Once he had the Master patched up and settled in his bed he would go to Jack and apologize. In the meantime he had work to do.

"You should teach me how to do stitches," Wilf said quietly as he slid a pillow under the Master's head and went to find a blanket. "With you two always finding ways to hurt yourselves, it might be a good idea to have an extra person who can put you back together."

He agreed and the two stayed silent for a moment as they gathered the supplies they were going to need. He thought about the night before and how wonderful it had been. He had let the thrill of it all get to his head and didn't stop to think about how badly things could still go if the Master wasn't cared for properly.

Wilfred was entirely right about overexerting him, and he didn't even know what they'd been up to in the night. Their activities were physically tiring as it was, but they both fully embraced the narin and let their minds meld together—something that felt amazing at the time, but were also quite exhausting on a mental and emotional level. It was a level of intimacy that their people usually saved for special occasions and days when not much else was expected of them, but it had been so long since he had been with someone who was even capable of that connection that he just dove into it. He had had a few other partners since being widowed, but nothing quite compared to the purity of fusing your soul with another person as well as your body.

He felt a bit guilty about it now. He should have known that the Master wasn't ready for it, or at least not without being able to get sufficient rest afterwards. He had pushed out the doctor part of his mind the moment he decided he wanted to invite the Master to his bed, and embraced every particle of narin he tasted without any thought to the consequence.

He was shocked out of his train of thought when something cold and wet touched his face. He instinctively jerked away and looked down to see Wilfred smiling at him with a cloth in his hand.

"You're bleeding."

"Am I?" he touched his fingers to his brow, where Wilfred had placed the cloth, and they came away red. "So I am."

"He's got a good arm on him, you've got to give him that," Wilf said, reapplying the cloth and looking at him with kind eyes. "I know it's been rather awful, Doctor, but everything's alright. It's been two steps forward and one step back all along, so don't let it worry you. This is just one bad day out of many good ones."

"Thank you, Wilfred," he muttered, taking the cloth for himself.

"And Jack was only doing what he thought was best."

"I know."

He pulled a seat over to the table so that he could set to work and dig out the bullet, but Wilfred was still watching him intently. "You could talk to me, you know," Wilf said kindly. "Harry talks to me about all sorts of things—the weather, things he'd like to do, things that are bothering him.
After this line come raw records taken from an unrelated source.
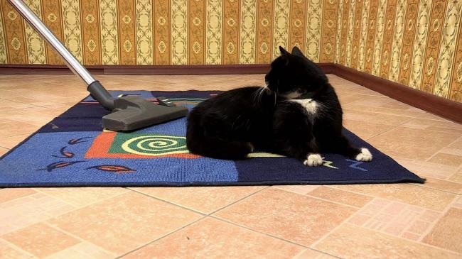 - Простой способ вычистить ковер, особенно с длинным ворсом, от вездесущей и въедливой шерсти животных – распыленный раствор 1:2. Поможет эффективно удалить вес мусор пылесосом. Да и сам ковер после этого станет мягче.
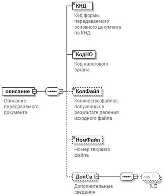 Настоящий документ описывает требования к XML-файлам передачи в электронном виде описания передаваемого документа, используемого налоговыми органами при реализации своих полномочий в отношениях, регулируемых законодательством о налогах и сборах (далее файл обмена).
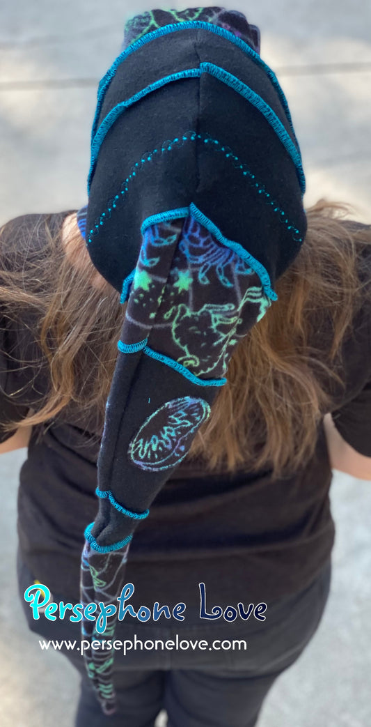 Katwise inspired black zodiac felted 100% cashmere embroidered pixie jester hat-1435
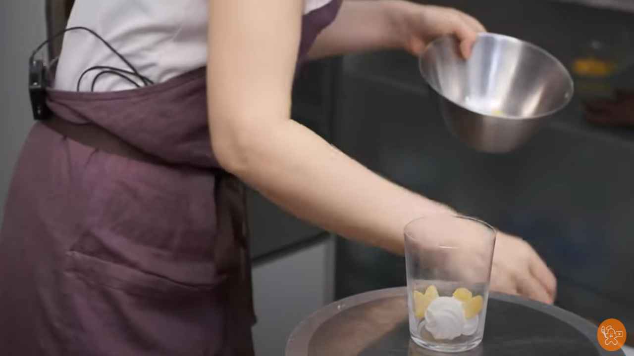 器にメレンゲクッキーとカットした栗の甘露煮を入れる。
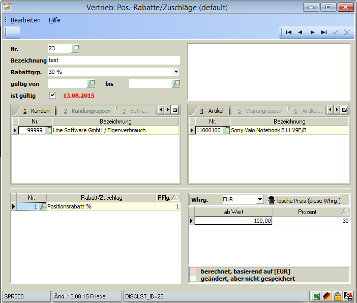 Hier können Positionsrabatte / Zuschläge angelegt und verwaltet werden, die entweder für den ausgewählten Zeitraum gelten,
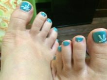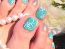 - Turquoise. This color refers to shades that are rarely used for pedicures. But this season there is a coup, and the turquoise color is in demand among the fair sex. He is able to emphasize the fragility and vulnerability of young beauties, as well as the firmness and determination of older women. An important feature of the turquoise color is the possibility of using all existing pedicure techniques, ladies only need to choose the most interesting option.
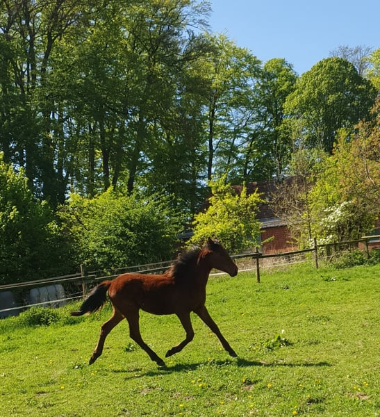 Young Azteca Stallion with Potential Seeks Loving Hands I am reluctantly selling my promising brown Azteca yearling stallion. This handsome young horse is a successful blend of PRE and Quarter Horse, which not only gives him a great appearance but also a lot of potential for the future. His good, expansive movements highlight his quality. He is growing up in a species-appropriate manner and is well mineralized. We see him as a talented partner for ambitious riders in working equitation or the upper leisure sector. Pepe is a little horse that quickly wins hearts with his curiosity and charming nature. If you are looking for a special young horse that wants to be nurtured with love and know-how, please feel free to contact me.
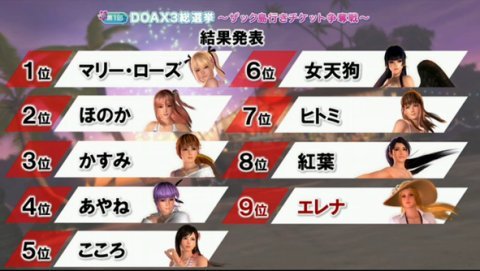 あと「DOAX3」の人気投票結果発表も衝撃でした。
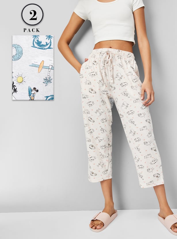 Add a fun twist to your loungewear with this pack of 2 Mickey Mouse printed capris. Crafted from soft, breathable fabric, each pair features convenient pockets and a drawstring closure for a comfy, adjustable fit. Perfect for relaxed days, quick errands, or cosy evenings at home.
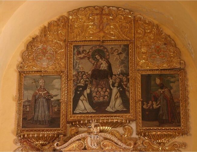 This project involves the conservation of the elaborately carved and gilt Altarpiece of the Virgin of the Rosary, including its several oil and embossed paintings on wood and wooden sculptures.
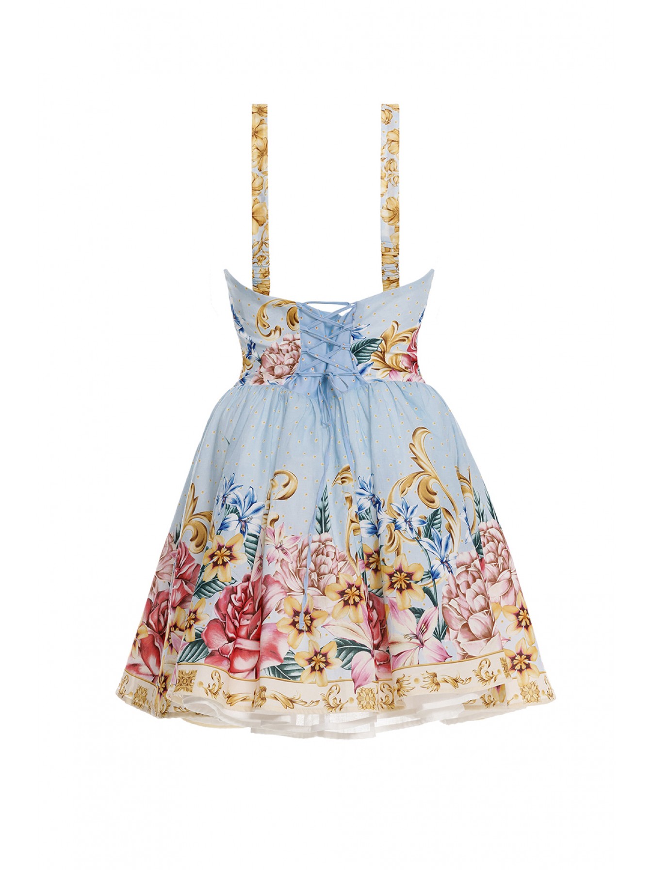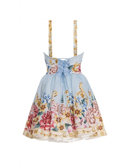 Короткое корсетное платье Spring на тонких бретелях, с милым цветочным принтом. Спинка закрытая, на шнуровке. Спереди чашки также можно скорректировать шнурком. Идеальный образ для пляжного отдыха или прогулки.
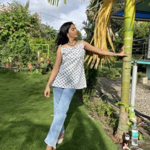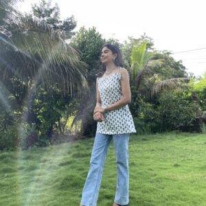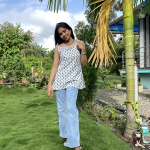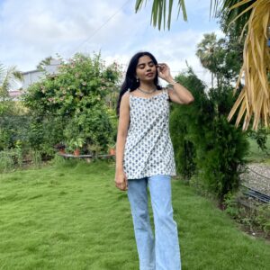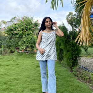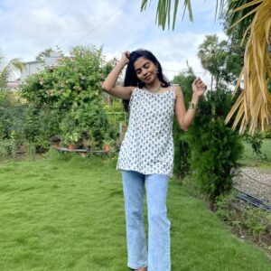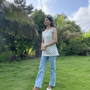 Be the first to review “Elegant white kurti with delicate blue prints, straight fit and simple neckline”
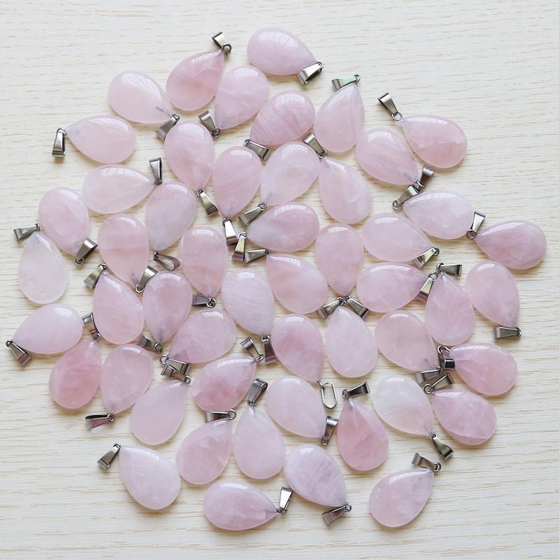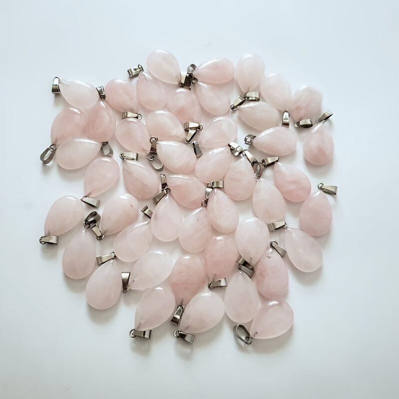 Add a touch of elegance to your creations with these natural rose quartz flat teardrop pendants. The pinkish beige to soft pinkish purple gradient adds a unique and beautiful look to necklaces, bracelets, and more.
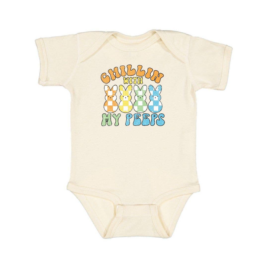 The Chillin With My Peeps Easter Short Sleeve Bodysuit is a fun and festive bodysuit for babies celebrating Easter!
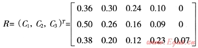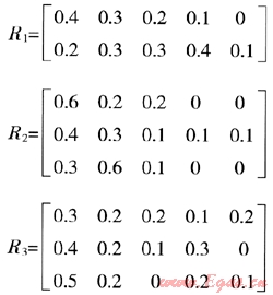 首先對(duì)U集中Ui作單因素評(píng)判,從因素Ui來(lái)確定評(píng)語(yǔ)集Vj(j=1,2,3…,m)的隸屬度rij,這樣就得到一個(gè)Ui的單因素評(píng)判集Ri={ri1,ri2,ri3,…,rim},R就反應(yīng)了U、V之間存在的某種模糊約束關(guān)系:
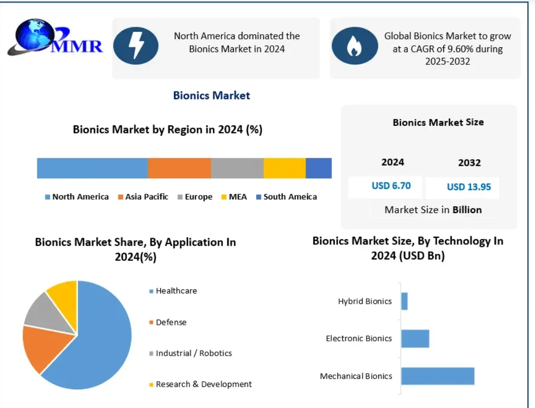 Bionics Market was valued at USD 6.70 billion in 2024, and total global Bionics Market revenue is expected to grow at a CAGR of 9.60% from 2025 to 2032, reaching nearly USD 13.95 billion.
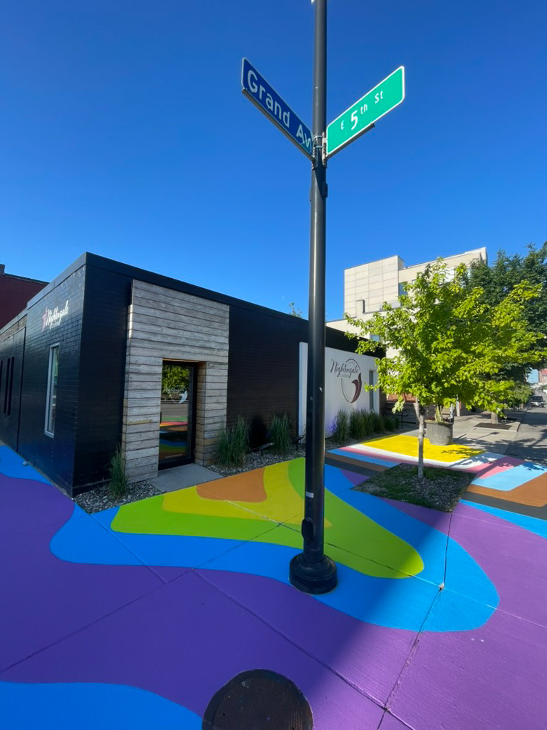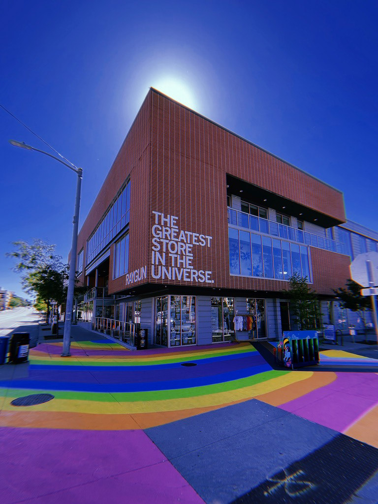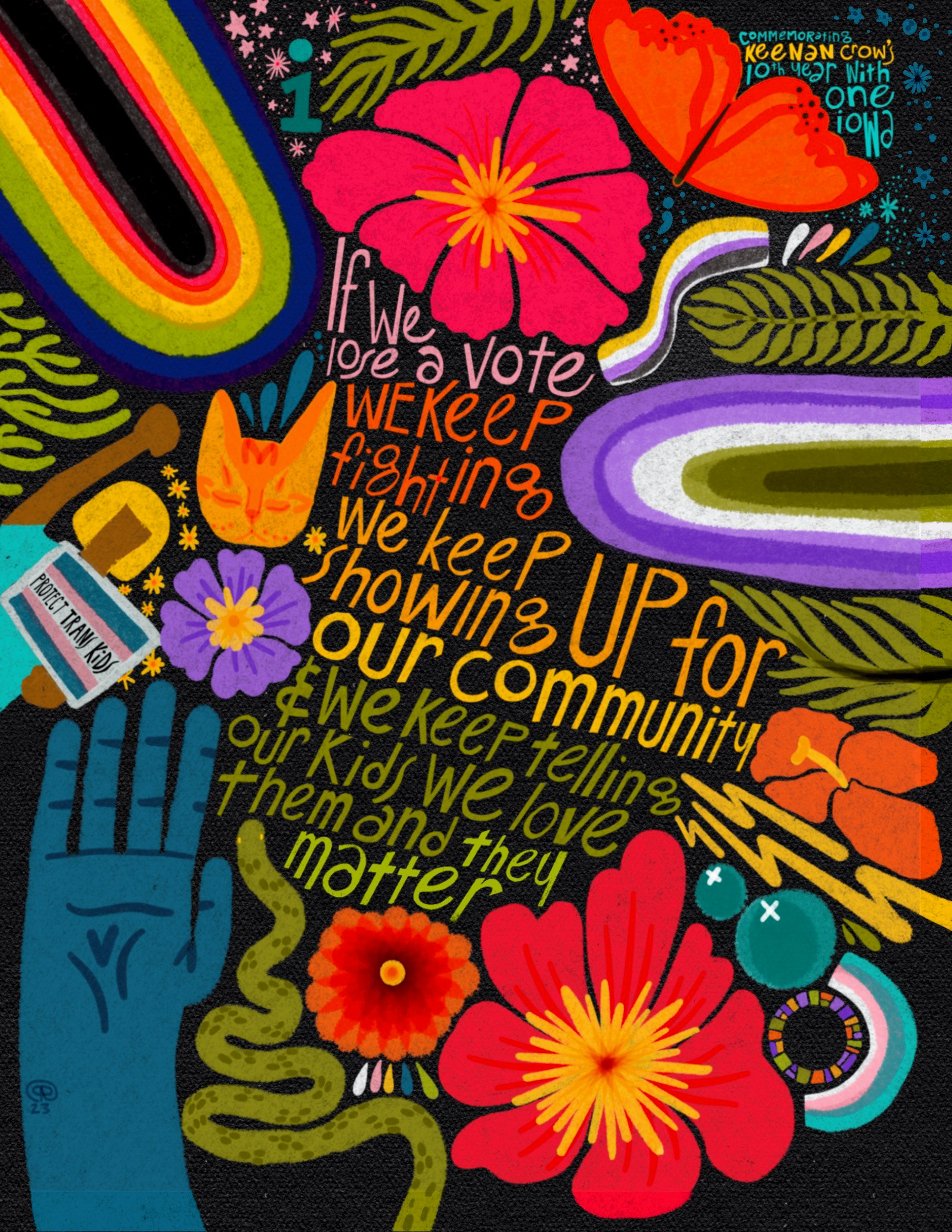 Dani Awesome and I were hired to design and execute a mural that brought life to four corners at the center of Des Moines' Pide festivities. Initially installed as a 12-month license, the mural will be reworked in 2025 and given extended life for several more years. This is the first mural of its kind in the city of Des Moines and is the result of cooperation between Capital City Pride, the East Village Neighborhood, and the City of Des Moines.
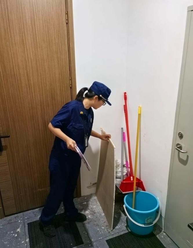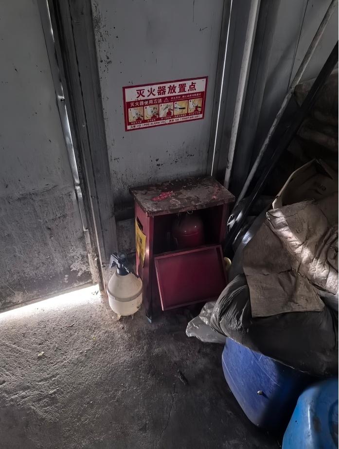整改措施:已责令负责人及时清除水泵房门前的杂物,并及时更换灭火器箱体。

He even tells me about where you come from sometimes, and some of the things that happened there. You could always talk to me too."

Wilfred wanted to know what happened. He wanted to know why the Master had finally become so infuriated that it officially ended their friendship, but he was too shy to ask. He was used to talking to the Master, who seemed comfortable with most conversations—even the ones that involved his greatest sins.

"Did I ever tell you about the time I met Shakespeare?"